• Exercise details: Transcribe the data verbatim and drop its images.

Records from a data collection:
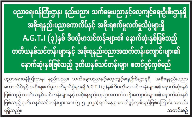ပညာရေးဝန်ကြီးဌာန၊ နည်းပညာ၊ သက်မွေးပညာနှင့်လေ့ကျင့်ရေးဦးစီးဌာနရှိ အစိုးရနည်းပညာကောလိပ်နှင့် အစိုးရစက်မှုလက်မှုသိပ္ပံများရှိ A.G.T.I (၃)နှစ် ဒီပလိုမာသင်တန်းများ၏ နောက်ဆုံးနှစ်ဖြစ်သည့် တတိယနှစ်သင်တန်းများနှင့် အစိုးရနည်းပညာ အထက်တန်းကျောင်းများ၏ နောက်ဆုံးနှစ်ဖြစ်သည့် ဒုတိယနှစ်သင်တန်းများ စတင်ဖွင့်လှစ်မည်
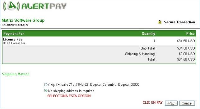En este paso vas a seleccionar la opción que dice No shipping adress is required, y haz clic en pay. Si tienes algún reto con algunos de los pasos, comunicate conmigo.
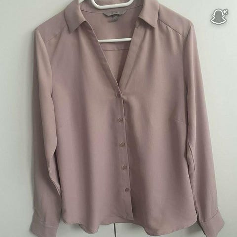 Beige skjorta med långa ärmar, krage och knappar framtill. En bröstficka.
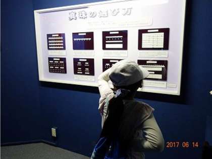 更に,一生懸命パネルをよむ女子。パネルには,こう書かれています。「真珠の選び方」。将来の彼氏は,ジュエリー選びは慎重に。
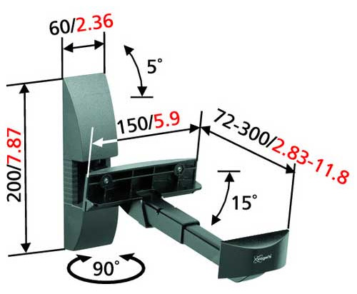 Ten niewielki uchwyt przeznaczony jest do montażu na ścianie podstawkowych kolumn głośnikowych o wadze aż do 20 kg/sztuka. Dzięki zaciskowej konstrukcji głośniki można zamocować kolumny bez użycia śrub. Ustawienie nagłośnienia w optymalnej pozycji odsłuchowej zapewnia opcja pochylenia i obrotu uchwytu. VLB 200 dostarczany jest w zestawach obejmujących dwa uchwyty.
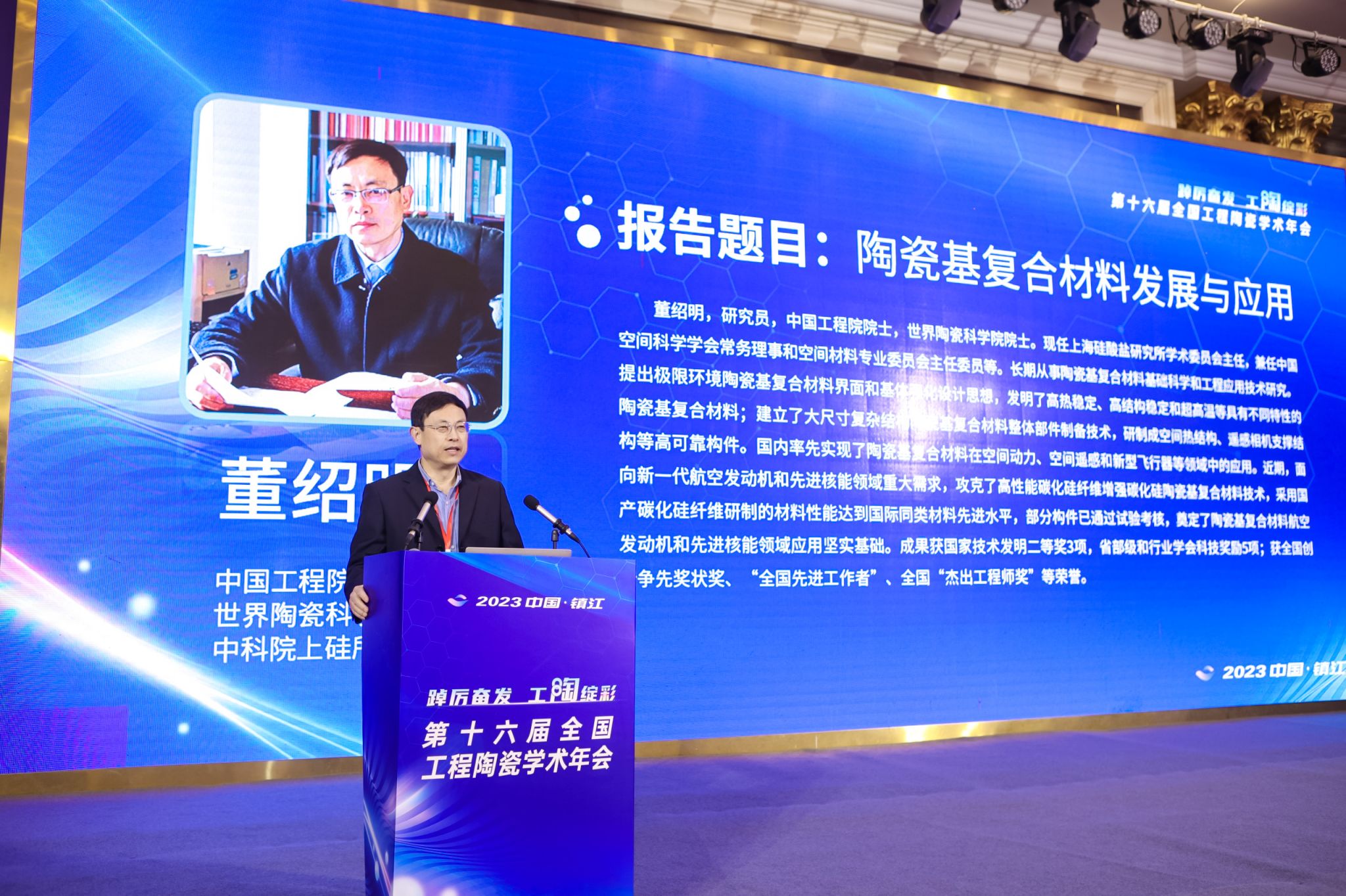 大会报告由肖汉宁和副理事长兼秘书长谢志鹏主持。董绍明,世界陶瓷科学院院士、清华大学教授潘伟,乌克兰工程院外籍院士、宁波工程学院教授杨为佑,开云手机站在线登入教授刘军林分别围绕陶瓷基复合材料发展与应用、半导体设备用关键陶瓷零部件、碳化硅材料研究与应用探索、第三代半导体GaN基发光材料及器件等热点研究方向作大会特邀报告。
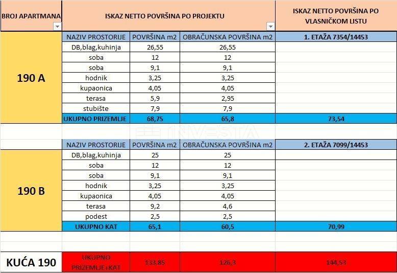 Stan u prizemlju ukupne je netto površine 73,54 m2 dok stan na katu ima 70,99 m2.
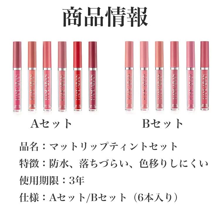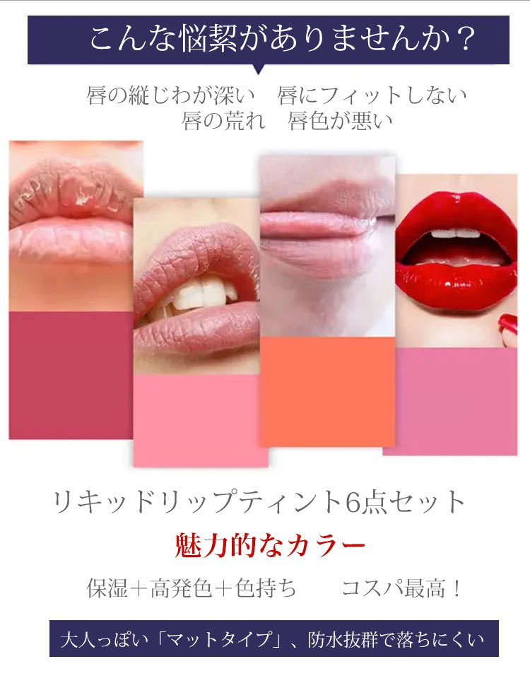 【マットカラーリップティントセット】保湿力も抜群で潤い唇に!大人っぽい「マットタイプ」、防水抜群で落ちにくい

• Solution for this task:
ပညာရေးဝန်ကြီးဌာန၊ နည်းပညာ၊ သက်မွေးပညာနှင့်လေ့ကျင့်ရေးဦးစီးဌာနရှိ အစိုးရနည်းပညာကောလိပ်နှင့် အစိုးရစက်မှုလက်မှုသိပ္ပံများရှိ A.G.T.I (၃)နှစ် ဒီပလိုမာသင်တန်းများ၏ နောက်ဆုံးနှစ်ဖြစ်သည့် တတိယနှစ်သင်တန်းများနှင့် အစိုးရနည်းပညာ အထက်တန်းကျောင်းများ၏ နောက်ဆုံးနှစ်ဖြစ်သည့် ဒုတိယနှစ်သင်တန်းများ စတင်ဖွင့်လှစ်မည်
En este paso vas a seleccionar la opción que dice No shipping adress is required, y haz clic en pay. Si tienes algún reto con algunos de los pasos, comunicate conmigo.
 Beige skjorta med långa ärmar, krage och knappar framtill. En bröstficka.
 更に,一生懸命パネルをよむ女子。パネルには,こう書かれています。「真珠の選び方」。将来の彼氏は,ジュエリー選びは慎重に。
 Ten niewielki uchwyt przeznaczony jest do montażu na ścianie podstawkowych kolumn głośnikowych o wadze aż do 20 kg/sztuka. Dzięki zaciskowej konstrukcji głośniki można zamocować kolumny bez użycia śrub. Ustawienie nagłośnienia w optymalnej pozycji odsłuchowej zapewnia opcja pochylenia i obrotu uchwytu. VLB 200 dostarczany jest w zestawach obejmujących dwa uchwyty.
 大会报告由肖汉宁和副理事长兼秘书长谢志鹏主持。董绍明,世界陶瓷科学院院士、清华大学教授潘伟,乌克兰工程院外籍院士、宁波工程学院教授杨为佑,开云手机站在线登入教授刘军林分别围绕陶瓷基复合材料发展与应用、半导体设备用关键陶瓷零部件、碳化硅材料研究与应用探索、第三代半导体GaN基发光材料及器件等热点研究方向作大会特邀报告。
 Stan u prizemlju ukupne je netto površine 73,54 m2 dok stan na katu ima 70,99 m2.
 【マットカラーリップティントセット】保湿力も抜群で潤い唇に!大人っぽい「マットタイプ」、防水抜群で落ちにくい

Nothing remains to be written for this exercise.